= Arabic College =

Islamic institute in southern India

Arabic Colleges in southern India refer to the educational institutes of higher Islamic learning. They are sometimes also known as Oriental Title Colleges in Kerala, and they are the near equivalent of north Indian madrasas. Graduates from Arabic Colleges can sit privately for the state recognized "Afzal-ul-Ulama" credential, which qualifies them to serve as Arabic Language teachers in state educational institutions.

A madrasa in Kerala is an extra-curricular institution where children receive basic Islamic education.

There are mainly two types of Arabic Colleges in Kerala—the 'traditionalist' Shafi'ite Arabic Colleges and the Salafi Movement-inspired Colleges. Most of the colleges come under the first category.

Arabic Colleges (based on funding and affiliation)
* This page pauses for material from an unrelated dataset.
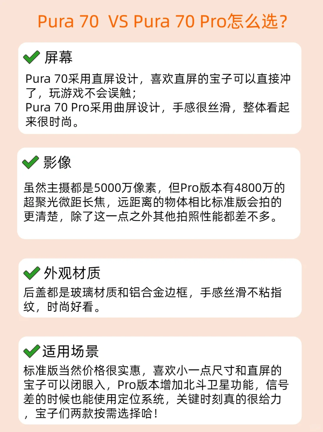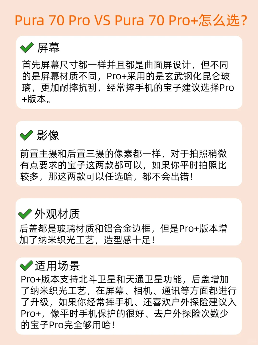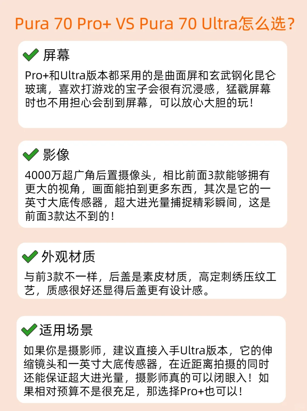 👀还在观望Pura 70的宝子们先别急!先看看这期选购指南,防止踩坑❗️ 👉🏻这次从屏幕、影像、价格等方面详细讲解了全系列的区别以及适用人群🚶♀️➡️ 1️⃣屏幕 2️⃣影像 3️⃣价格 4️⃣购买建议 👆🏻综合上面的参数和价格,宝子们对号入座哈!

- Government Grant Aided & State University Affiliated Arabic Colleges (Oriental Title Colleges)
- Unaided & State University Affiliated Arabic Colleges
- Unaided & Non-affiliated Arabic Colleges

== Programmes offered ==
Source: Government of Kerala University of Calicut

In Government Grant Aided Arabic Colleges affiliated to State Universities

=== Higher Secondary level ===
- Afzal-ul-Ulama Preliminary

=== Undergraduate Degree level (Bachelor of Arts or Commerce) ===
- Afzal-ul-Ulama
- Functional Arabic .
- Economics with Islamic Finance
- English with Islamic History
- Islamic Finance

=== Post Graduate level (Master of Arts) ===
- Post Afzal-ul-Ulama
- Islamic Finance
- Arabic

== Government Aided Arabic Colleges (Oriental Title Colleges) ==
Source: Government of Kerala University of Calicut

| Government Aided Arabic College | State University | Programmes offered |
|---|---|---|
| Rouzathul Uloom Arabic College, Farook College, Kozhikode | Calicut University | Afzal-ul-Ulama Preliminary (2 years); BA Afzal-ul-Ulama (3 years); BA Functional Arabic .; MA Post Afzal-ul-Ulama (2 years); BCom Islamic Finance; |
| Darunnajath Arabic College, Karuvarakundu, Malappuram | Calicut University | Afzal-ul-Ulama Preliminary; BA Afzal-ul-Ulama; BCom with Islamic Finance; MA Arabic; |
| Sunniya Arabic College, Chennamangallur, Mukkom, Kozhikode | Calicut University | Afzal-ul-Ulama; MA Post Afzal-ul-Ulama; BCom Islamic Finance; |
| Ansar Arabic College, Valavannur, Malappuram | Calicut University | Afzal-ul-Ulama Preliminary; BA Afzal-ul-Ulama; Post Afzal-ul-Ulama; MA Post Afzal-ul-Ulama; BCom with Islamic Finance; |
| Anvarul Islam Arabic College, Kuniyil, Malappuram | Calicut University | Afzal-ul-Ulama Preliminary; BA Afzal-ul-Ulama; BCom with Islamic Finance; MA Arabic; |
| Madeenathul Uloom Arabic College, Pulikal, Malappuram | Calicut University | Afzal-ul-Ulama Preliminary; BA Afzal-ul-Ulama; Post Afzal-ul-Ulama; BA Economics with Islamic Finance; BA Functional Arabic; |
| Sullamussalam Arabic College, Areacode, Malappuram | Calicut University | Afzal-ul-Ulama Preliminary; BA Afzal-ul-Ulama; Post Afzal-ul-Ulama; BA Economics with Islamic Finance; BA English with Islamic History; |
| Darul Uloom Arabic College, Vazhakad, Malappuram | Calicut University | Afzal-ul-Ulama Preliminary; BA Afzal-ul-Ulama; Post Afzal-ul-Ulama; BA Functional Arabic (aided); MA Islamic Finance; |
| Nasarthal Islam Arabic College, Kadavathur, Kannur | Kannur University |  |
| Darul Irshad Arabic College, Paral, Kannur | Kannur University |  |
| Anvarul Islam Women's Arabic College, Mongam, Malappuram | Calicut University | Afzal-ul-Ulama Preliminary; BA Afzal-ul-Ulama; Post Afzal-ul-Ulama; BA Economics with Islamic Finance; BA Functional Arabic; |

== Unaided and Non-affiliated Arabic Colleges ==
Source: University of Kerala (doctoral thesis, 2011)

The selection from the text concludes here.